But it seems simpler and easier to understand/document if you pre-process the input like using an algorithm like this:

  • If the first nonempty line has indentation, and all subsequent lines either start with the same indentation characters or are empty, then remove that prefix from those lines.

I think that handles cases where editors strip trailing spaces or the first line is blank. So e.g.:

python -c "
    some_code_here()
"

Then python receives something like “\n some_code_here\n”

python -c "
    some_code here()

    if some_some_other_code():
        still_more_code()
"

Then python receives something like “\n some_code_here\n\n if …”
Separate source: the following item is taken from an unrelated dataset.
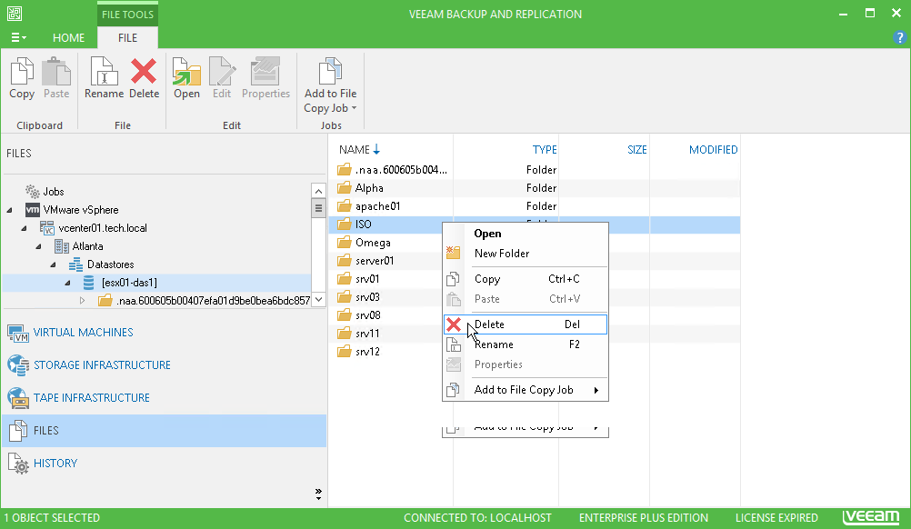 You can create, rename and delete folders in the Files view of Veeam Backup Free Edition.

This wouldn’t handle cases where indentation is mixed and there is a first line, e.g.:

python -c "first_thing()
    if second_thing():
        third_thing()

"
That seems simple enough to avoid, and raising a syntax error is reasonable in that case.

Best wishes,
Lucas

There was also positive feedback from Cameron Simpson and Barry Scott suggested a PR with an implementation might move this forward. I have a proof-of-concept PR and this is the corresponding issue for it.

5 Likes

This is not limited to Bash and Ruby of course; you can embed code in any other language – Rust, Markdown, even Python itself.
Sometimes it’s easier, like with YAML literal block or Python’s textwrap.dedent.
And, of course, adding a if 1: header solves the issue – once you know the trick. It’s far from obvious though.

The implementation raised a question for me: Why pre-process the string, only to immediately pass it to a parser that already handles indentation?

Python’s top-level syntax for files is currently:

file: [statements] ENDMARKER

A new rule could be added for -c:

script:
    | [statements] ENDMARKER 
    | INDENT [statements] DEDENT ENDMARKER

Such a rule would then need to be added to compile, exec, etc., which is not trivial – but probably easier to maintain than dedenting in C.

5 Likes

I imagine some people will want this to be a separate option on backwards-compatibility principle (maybe someone has a toolchain that uses python -c to detect indentation on a string somewhere…). It looks like -C should be possible, or -cc. I assume that e.g. -cd (“(c)ode to (d)edent first”) or -ci (“(c)ode that may be (i)ndented”) wouldn’t be accepted. (Did you know: python -ic foo is the same as python -i -c foo; but python -ci foo treats the i as the code and fails with a NameError, and then doesn’t give an interactive prompt?)

It would show up in 3.13, so I don’t think ultra strict backwards compatibility applies or is useful as a design goal.

Any syntax change in the language changes the behavior of python -c if “it fails with a syntax error when the input is X” is considered part of the interface there.

I don’t like the idea of -ci being asymmetric with -ic, but I suspect from what you shared that I may have other gripes if I start looking at the python CLI too closely.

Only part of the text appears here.